I have a labeled dataset (text classication), and I upload it to S3 bucket, if I upload another unlabeled datas to it, will AutoML label the provided raw data? If not, how can I use already labelled dataset to label new raw datas/
Groundtruth documentation says that it needs atleast 1000 objects to be labeled by humans. Does it mean 1000 objects of all classes, or 1000 objects for individual class? If I manually label 1000+ objects, how many more objects will AutoML label or what is the maximum number of objects can AutoML label?
Upvotes: 0
Views: 1155
Reputation: 116
I'm the product manager for Amazon SageMaker Ground Truth, and I would be happy to answer your query. Here are my responses:
[1] Your private labeling workforce can be as large or small as you would like it to be. The pricing does not depend on this size of your labeling workforce.
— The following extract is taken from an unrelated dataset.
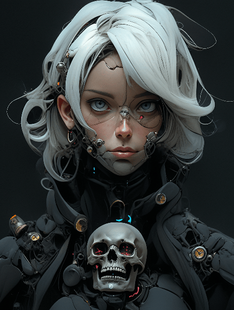 Portrait, Looking at the camera, symmetrical asymmetry, girl, Vector drawing of Cyberpunk machine skull,humanoid machine,ArtStation,hard surface, photo realistic, beautiful lighting, insanely detailed, intricate, hypermaximalist, hyper realistic, no noise, portrait, Cinematic, Color Grading, Editorial Photography, Photography, Photoshoot, Ultra-Wide Angle, Depth of Field, DOF, Shutter Speed 1/1000, F/22, Gamma, White Balance, Neon, Light, Dark, Light Mode, Dark Mode, High Contrast, 5D, Multiverse, 32k, Super-Resolution, Megapixel, ProPhoto RGB, VR, Lonely, Good, Massive, Big, Spotlight, Frontlight, Halfrear Lighting, Backlight, Rim Lights, Rim Lighting, Artificial Lighting, Natural Lighting, Incandescent, Optical Fiber, Moody Lighting, Cinematic Lighting, Studio Lighting, Soft Lighting, Hard Lighting, volumetric Light, Volumetric Lighting, Volumetric, Contre-Jour, Rembrandt Lighting, Split Lighting, Beautiful Lighting, Accent Lighting, Global Illumination, Lumen Global Illumination, Screen Space Global Illumination, Ray Tracing Global Illumination, Optics, Materiality, Ambient Occlusion, Scattering, Glowing, Shadows, Rough, Shimmering, Ray Tracing Reflections, Lumen Reflections, Screen Space Reflections, Diffraction Grading, Chromatic Aberration, GB Displacement, Scan Lines, Ray Traced, Ray Tracing Ambient Occlusion, Anti-Aliasing, FXAA, TXAA, RTX, SSAO, Shaders, OpenGL-Shaders, GLSL-Shaders, Post Processing, Post-Production, Cel Shading, Tone Mapping, CGI, VFX, SFX, insanely detailed and intricate, hypermaximalist, elegant, hyper realistic, super detailed, photography, 8k, HDR, Unreal Engine 5, Octane Render, Cinestill 800T, sharp focus, Redshift Render --ar 9:12 --niji 5 --s 180 --style expressive

[2] You learn more about how to bring a "partially" labeled dataset here: https://docs.aws.amazon.com/sagemaker/latest/dg/sms-reusing-data.html#sms-reusing-data-newdata
You can also use the ML model trained from a previous labeling job. Learn more here; https://aws.amazon.com/blogs/machine-learning/amazon-sagemaker-ground-truth-using-a-pre-trained-model-for-faster-data-labeling/
[3] To clarify, you need 1,000 dataset objects to start an auto-labeling job, but some of these 1,000 objects can be auto-labeled (the % depends on your data and use case). It is 1,000 objects across your classes - i.e. there is no additional requirement beyond having 1,000 text dataset objects.
You can learn more about the mechanics of auto-labeling from this blog post: https://aws.amazon.com/blogs/machine-learning/annotate-data-for-less-with-amazon-sagemaker-ground-truth-and-automated-data-labeling/
Upvotes: 3